● What to do
All lines from the one containing "As an example, let’s" through the final line of the listing below, and no others, must be returned exactly; no pictures belong in the copy.
______________________________
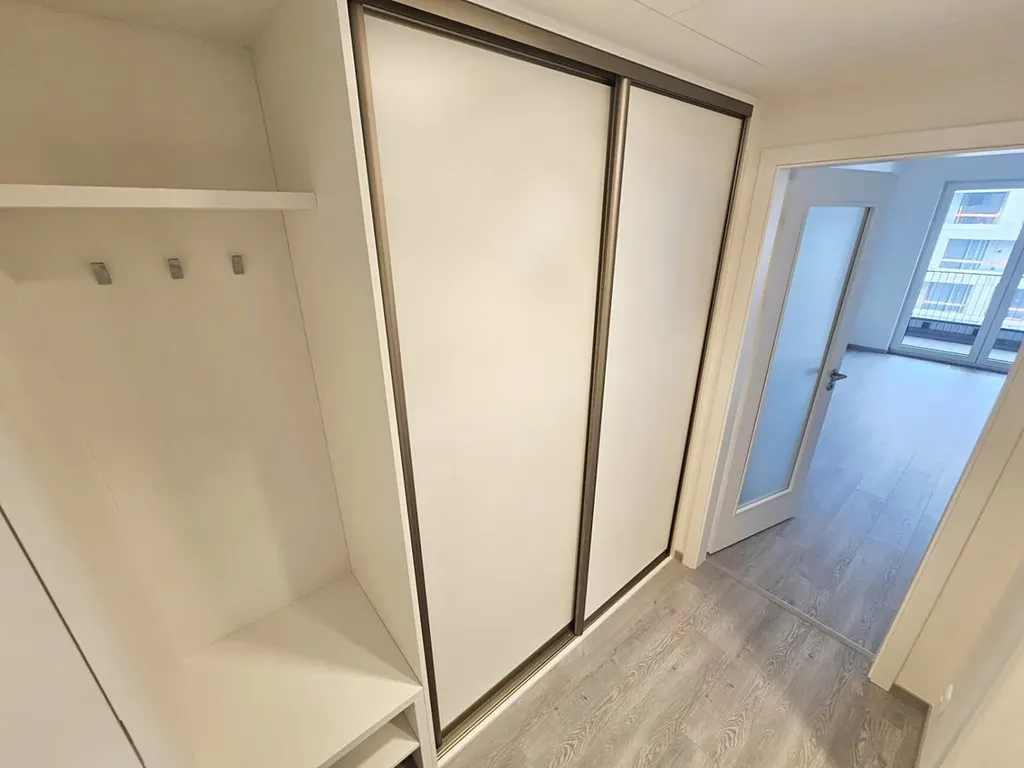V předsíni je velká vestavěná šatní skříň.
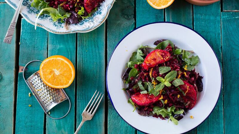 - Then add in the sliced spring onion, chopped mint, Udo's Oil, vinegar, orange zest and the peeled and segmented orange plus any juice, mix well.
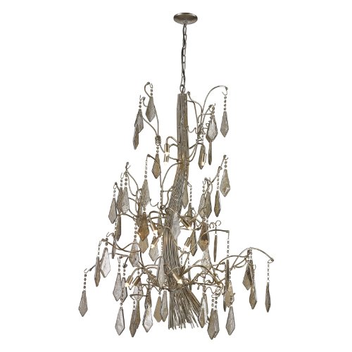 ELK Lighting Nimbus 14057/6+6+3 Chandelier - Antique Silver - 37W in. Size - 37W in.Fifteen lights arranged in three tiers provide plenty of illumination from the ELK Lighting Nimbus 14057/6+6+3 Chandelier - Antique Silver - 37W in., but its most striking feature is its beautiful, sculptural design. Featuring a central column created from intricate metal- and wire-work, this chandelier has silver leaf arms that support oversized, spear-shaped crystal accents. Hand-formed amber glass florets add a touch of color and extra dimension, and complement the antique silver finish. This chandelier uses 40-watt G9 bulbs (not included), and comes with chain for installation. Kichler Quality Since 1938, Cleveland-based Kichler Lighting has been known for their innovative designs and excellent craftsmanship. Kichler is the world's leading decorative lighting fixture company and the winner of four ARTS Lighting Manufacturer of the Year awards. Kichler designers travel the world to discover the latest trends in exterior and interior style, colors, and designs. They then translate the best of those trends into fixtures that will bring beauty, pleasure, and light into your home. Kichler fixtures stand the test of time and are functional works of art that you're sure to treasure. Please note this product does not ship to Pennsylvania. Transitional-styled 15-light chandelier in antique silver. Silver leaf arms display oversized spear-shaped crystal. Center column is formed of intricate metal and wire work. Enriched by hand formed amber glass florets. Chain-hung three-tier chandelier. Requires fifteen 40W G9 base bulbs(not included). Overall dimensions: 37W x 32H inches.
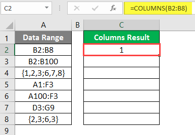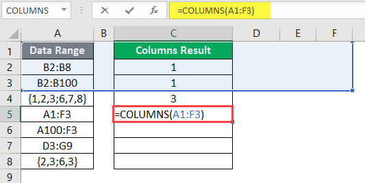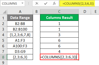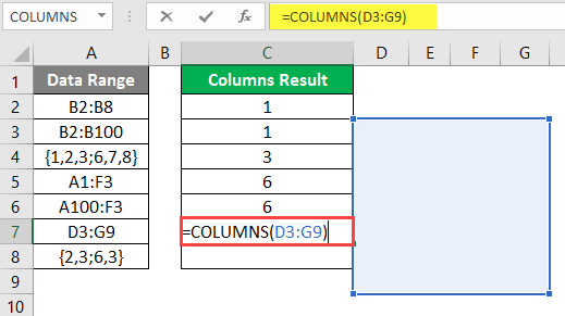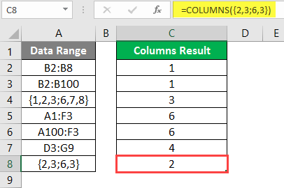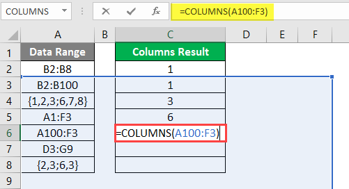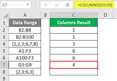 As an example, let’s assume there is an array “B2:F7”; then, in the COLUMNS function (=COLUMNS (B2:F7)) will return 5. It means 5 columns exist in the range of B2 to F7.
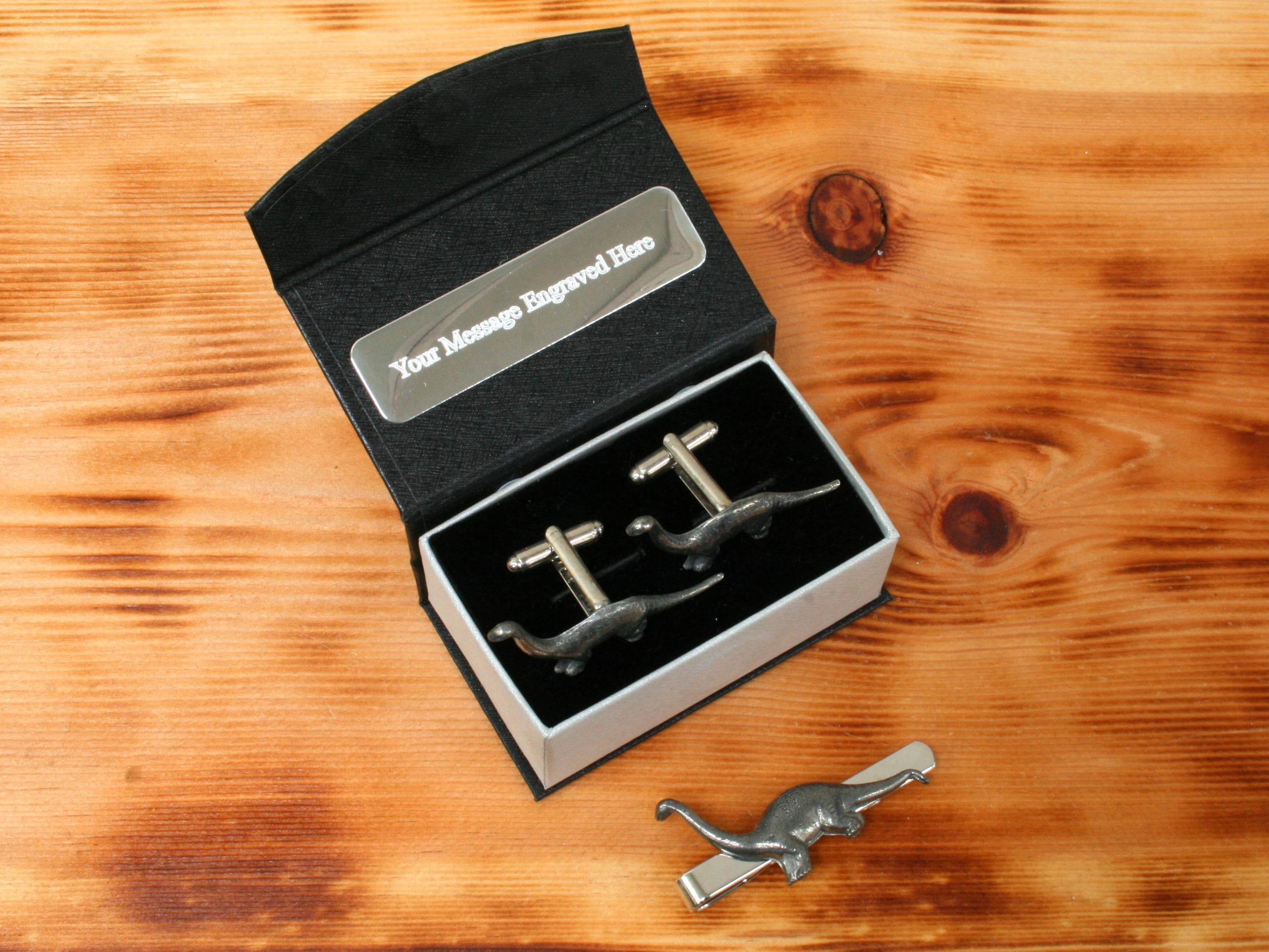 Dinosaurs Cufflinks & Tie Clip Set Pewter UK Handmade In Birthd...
______________________________
● Response to this task
 As an example, let’s assume there is an array “B2:F7”; then, in the COLUMNS function (=COLUMNS (B2:F7)) will return 5. It means 5 columns exist in the range of B2 to F7.
 Dinosaurs Cufflinks & Tie Clip Set Pewter UK Handmade In Birthd...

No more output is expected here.